Osmotic Shock Procedures
Categorized: Outer Membranes
Reference:
Poole and Hancock. l984. Eur.J.Biochem.144:607-612.
Method:
For P. aeruginosa:
- Grow bacteria overnight in 100 ml of the appropriate medium.
- Harvest the bacteria by spinning at 10,000 X g (7,000 rpm in SS34 Sorvall rotor), 4ºC for 10 minutes.
- Resuspend the pellet with 8 ml of 0.05 M Tris-HCl pH 7.3, 0.2 M MgCl. Incubate for 10 minutes at 30ºC.
- Chill in water-ice bath for 15 minutes.
- Warm at 30ºC. for 10 minutes.
- Repeat step 4.
- Pellet shocked cells as in step 2. The supernatant should contain the periplasmic contents. (save both the pellet and the supernatant to run on gels)
- Concentrate the supernatant 10 fold by using either a 10,000 Mol wt cutoff Centricon filter or an Amicon filtration apparatus with a PM10 filter.
- Dialyse concentrated supernatant versus 0.05 M Tris-HCl pH 7.3 to remove any residual MgCl.

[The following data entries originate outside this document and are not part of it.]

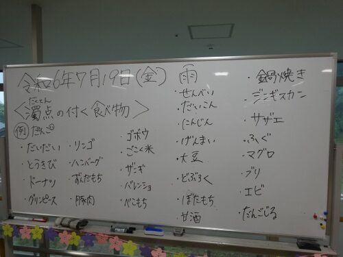 さわやか室蘭弐番館 2階 18日活力朝礼♪ 2024-07-20 2024-07-19 皆様こんにちは♪ 昨日の様子をお届けします 元気の源 ラジオ体操です 音楽に合わせて体を動かします 頭の体操は濁点の付く食べ物 お答え頂きました
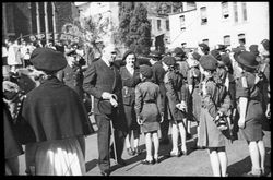 Creator: Judd, Bernard George (1918-1999) Contributing Institution: Moore Theological College Description: Governor General William McKell speaking to Girls' Brigade girls, outside St Peter's archway. Black and white photograph on glass lantern slide. View Full Item at Moore Theological College
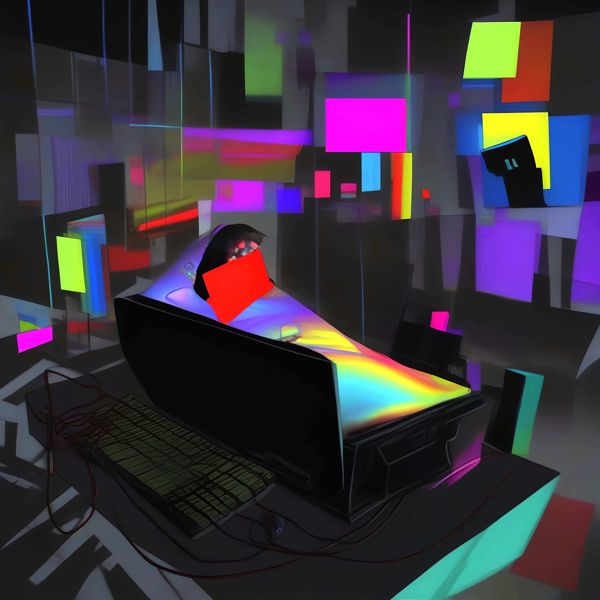 これらの画像は通常の AI アートとはちがう独自の方法を使って作っています. AI アートは AI にプロンプト (または呪文) とよばれる英語の記述をあたえて作画した画像ですが, Stable Diffusion,DALL・E 2,Midjourney などの AI プログラムによって 2022 年に爆発的に普及しました. AI アートで望む画像を作るために通常は比較的細かい指示を与えます. しかしデイシンではおもに 1〜4 語程度の短いことばや造語を Stable Diffusion XL 1.0 (1024) を使用している OpenArt,NightCafe などのウェブサイトで使用して,そのプログラムがもつ知識をいかして自由に (ジェネラティブに,創発的に) 画像をつくらせています. コントラストの調整等はしていますが,描きなおさせたり加筆したりするようなことはしていません.
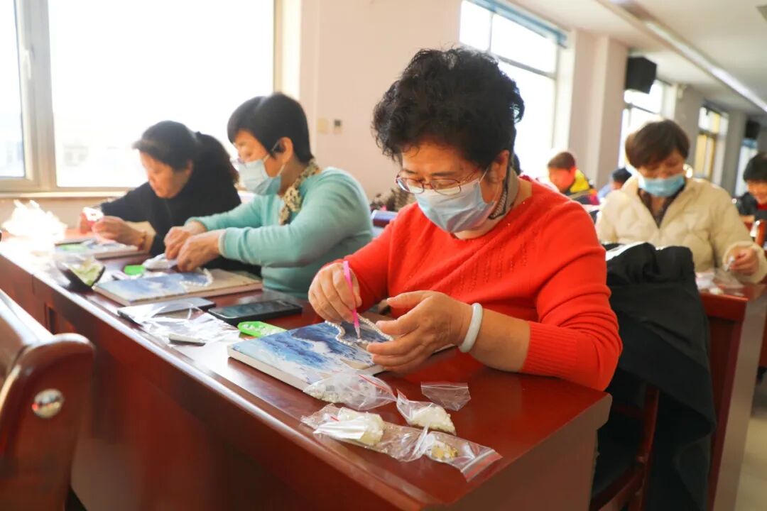 金盏东村组织开展手工珍珠画活动。居民们化身“海洋诗人”,在深浅不一的海浪背景画板上,以珍珠为墨,创作出一幅幅精美别致的珍珠艺术品,活动让生活暖意与艺术之美在初冬悄然绽放。
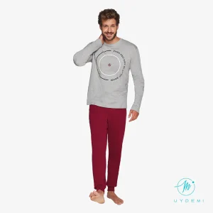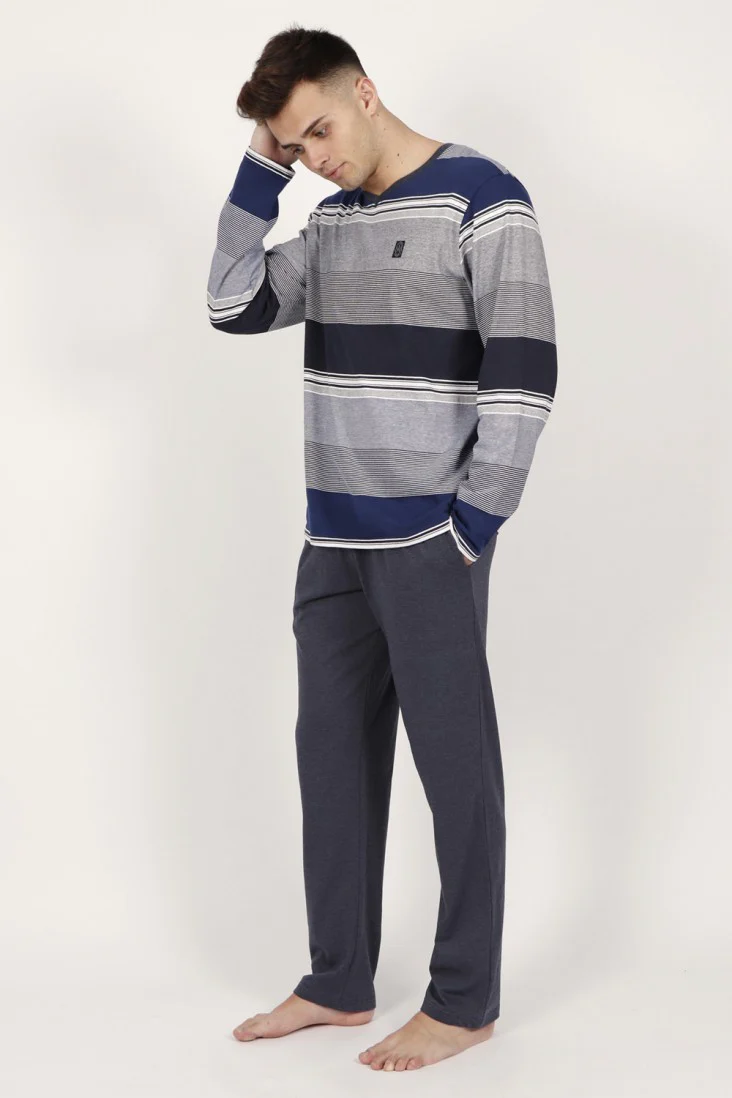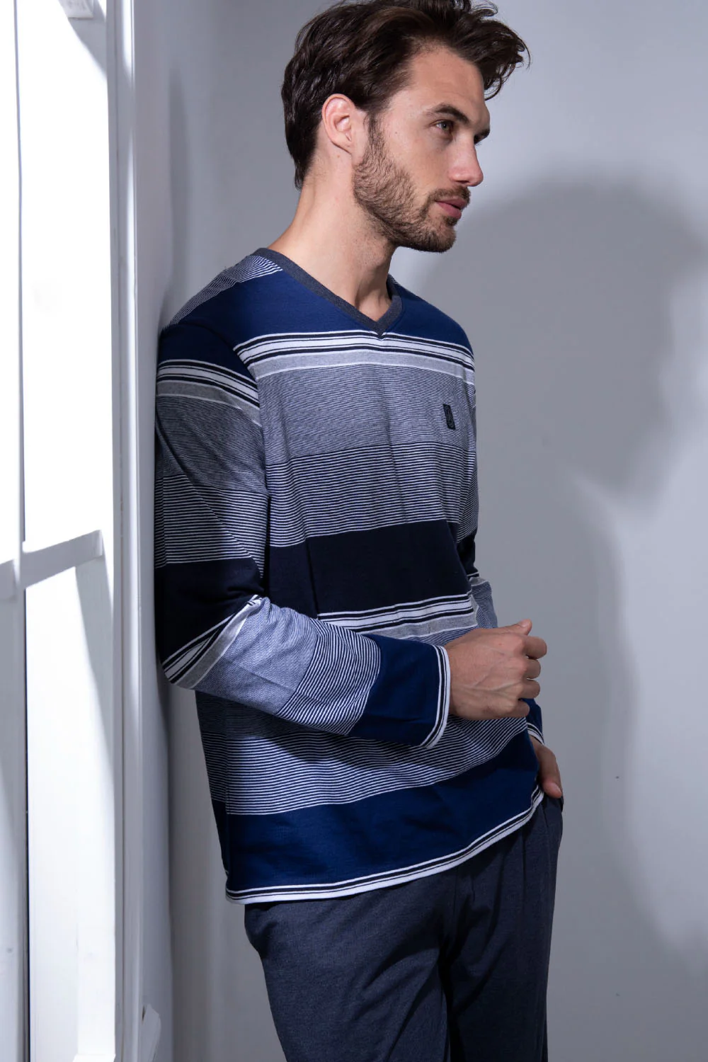 * Pijama de punto de algodón, de manga larga, cuello pico y pantalón largo
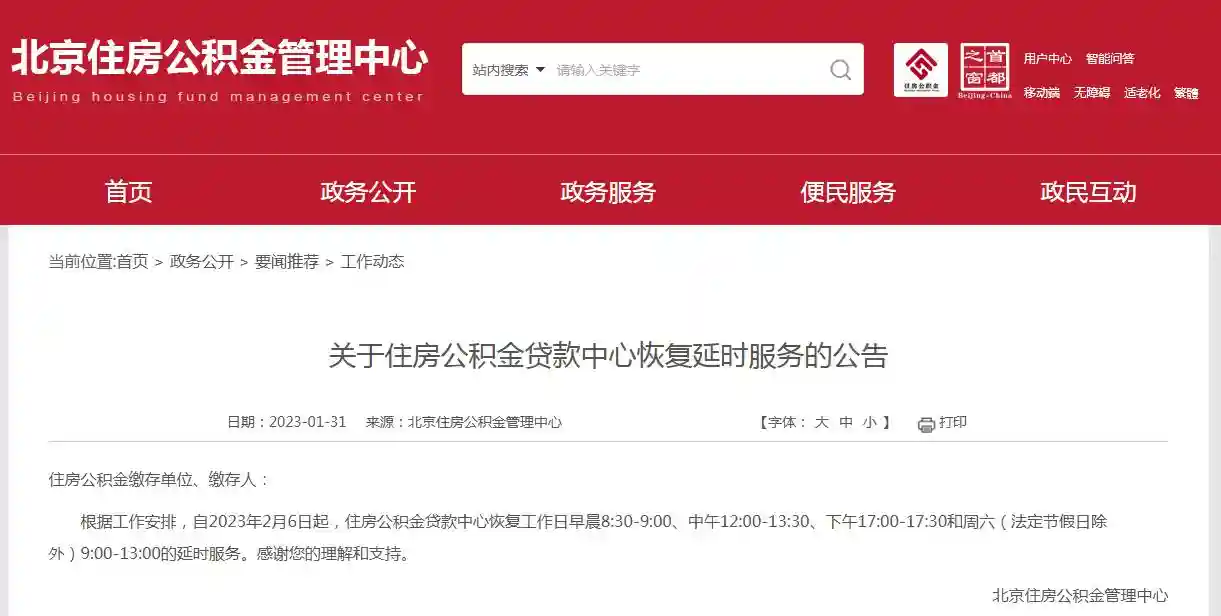北京住房公积金管理中心发布公告,自2025年2月6日起住房公积金贷款中心恢复工作日早晨8:30-9:00、中午12:00-13:30、下午17:00-17:30和周六(法定节假日除外)9:00-13:00的延时服务。
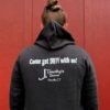 Black “got wings?” hoodie. On the back: “Come Get Dirty With Us”. 8.26oz weight, 80/20 ring spun cotton/poly fleece. Tear away label. This runs true to size.
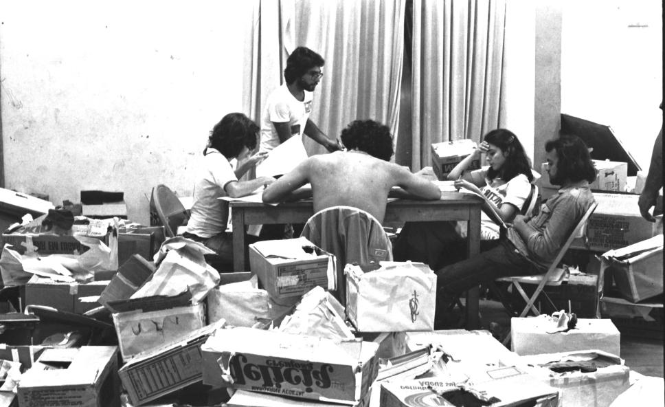 Equipe que organizava a apuração, no palco do Ginásio, em meio às caixas que transportaram as cédulas.
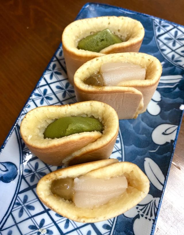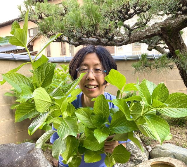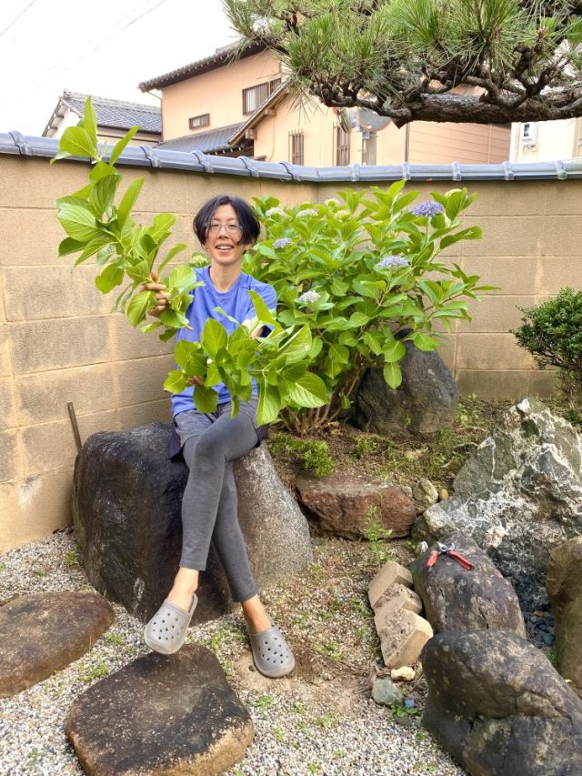 おやつは知多の大あんまき。中の餡は抹茶とほうじ茶(期間限定)。家に帰ると、そそくさと庭へ。すっかりガーデン信仰。大石に腰を下ろしながら
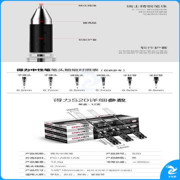 得力S20中性笔0.7mm子弹头(单位:支)红色
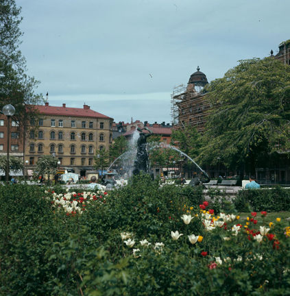 Blommande tulpaner på Mariatorget. Vy mot husen vid Hornsgatan
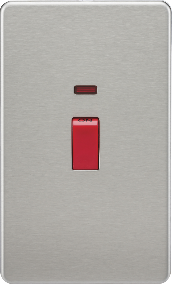 Knightsbridge: SF8332NBC, 45A Double Pole Switch, Neon Indicator, Brushed Chrome Finish, Low Profile Design, 230V, 201 Stainless Steel

- Do Nitrocefin assay to see if shock fluids contain the known standard periplasmic enzyme ß-lactamase.
For E.coli:
Neu and Heppel. 1965. J.Biol.Chem. 240:3685; Benz et al. 1978 J. Bact. 135:1080
- Steps 1 and 2 as above.
- Resuspend pellet in 8 ml of 20% w/v sucrose, 0.03 M Tris-HCl pH 8.0. Add 2 ml of 5 mM sodium EDTA (pH 8.0). Mix on rotating shaker at 180 rpm for 10 minutes at room temperature.
- Pellet cells at 4C for 10 minutes at 10,500 rpm in an SS34 Sorvall rotor.
- Resuspend pellet in 10 ml of ice-cold water and mix as before in ice bath for 10 minutes.
- repeat step 4.
- See steps 8-10 above.
Method Categories
- Peptides (2)
- Antibiotics and Antimicrobial Peptides (6)
- Bacterial Genetics (22)
- Protein Purification and Gel Electrophoresis (18)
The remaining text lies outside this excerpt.